→ Exercise aim: Would you please transcribe the data in full and exactly, excluding images?

→ Dataset extract:
--- START ---

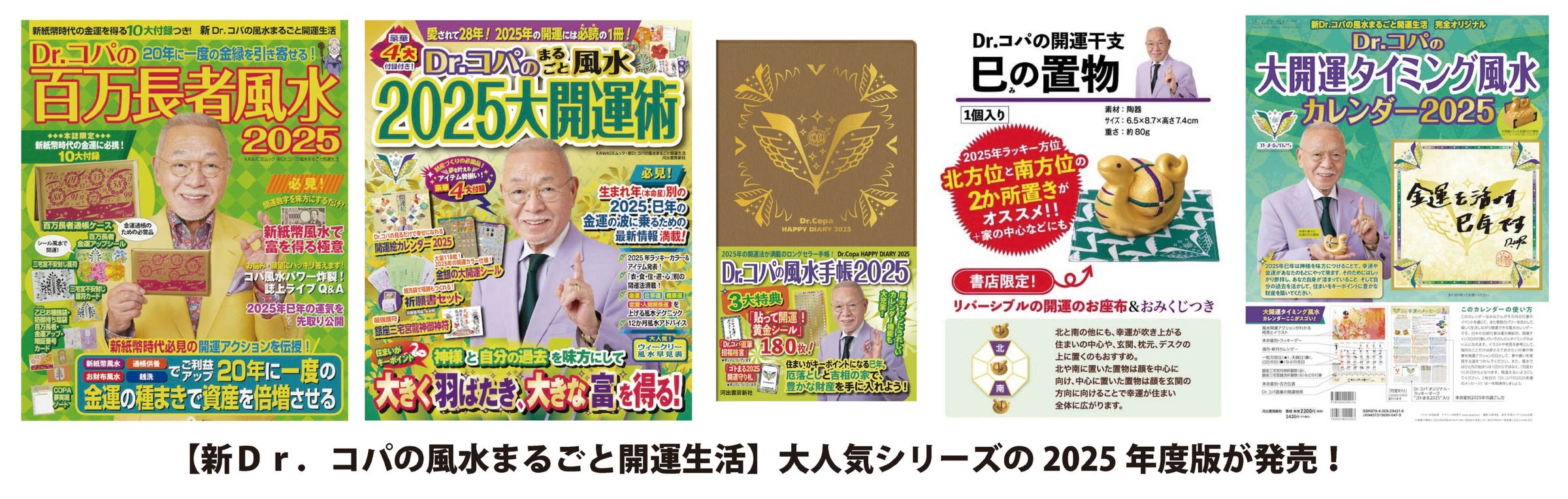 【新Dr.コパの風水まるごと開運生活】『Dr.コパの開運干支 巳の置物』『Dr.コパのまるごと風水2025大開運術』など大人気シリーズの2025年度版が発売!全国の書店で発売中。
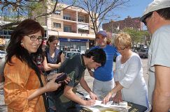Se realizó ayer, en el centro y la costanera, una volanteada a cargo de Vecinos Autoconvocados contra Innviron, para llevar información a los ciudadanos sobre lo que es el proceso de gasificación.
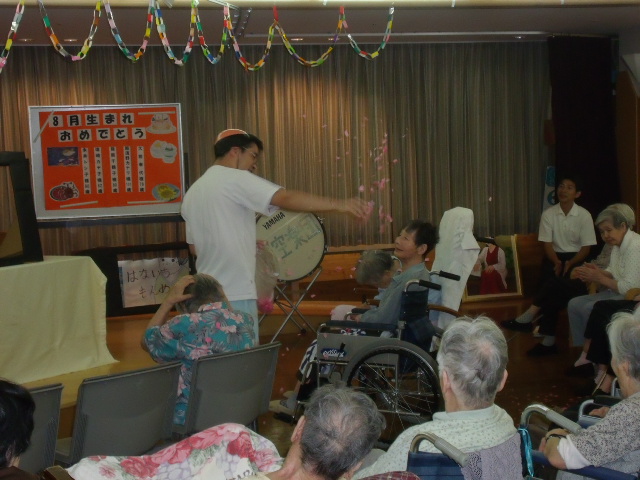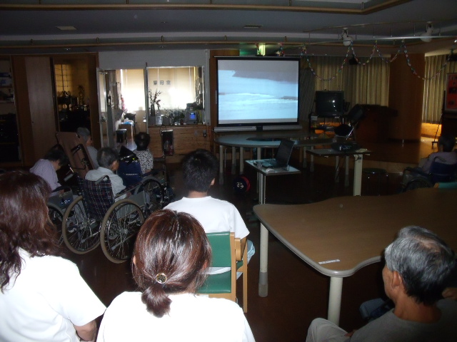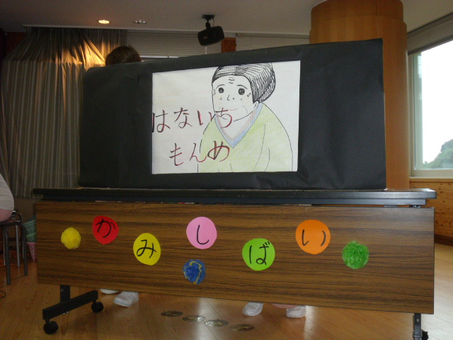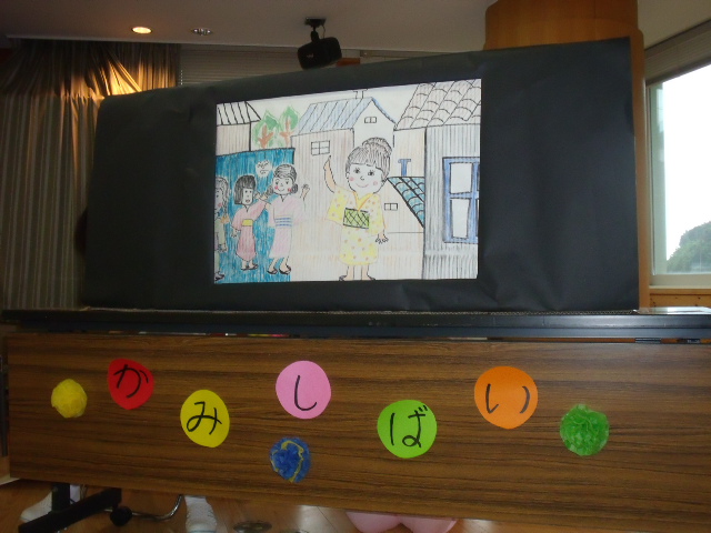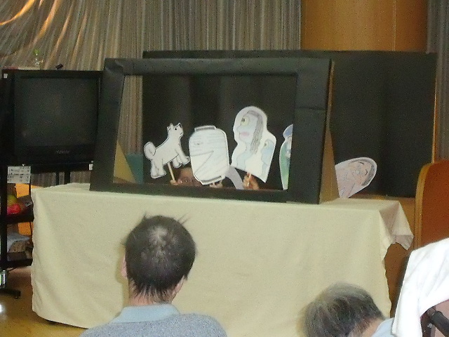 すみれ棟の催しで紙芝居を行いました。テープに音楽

--- END ---

→ Task output:
 【新Dr.コパの風水まるごと開運生活】『Dr.コパの開運干支 巳の置物』『Dr.コパのまるごと風水2025大開運術』など大人気シリーズの2025年度版が発売!全国の書店で発売中。
Se realizó ayer, en el centro y la costanera, una volanteada a cargo de Vecinos Autoconvocados contra Innviron, para llevar información a los ciudadanos sobre lo que es el proceso de gasificación.
 すみれ棟の催しで紙芝居を行いました。テープに音楽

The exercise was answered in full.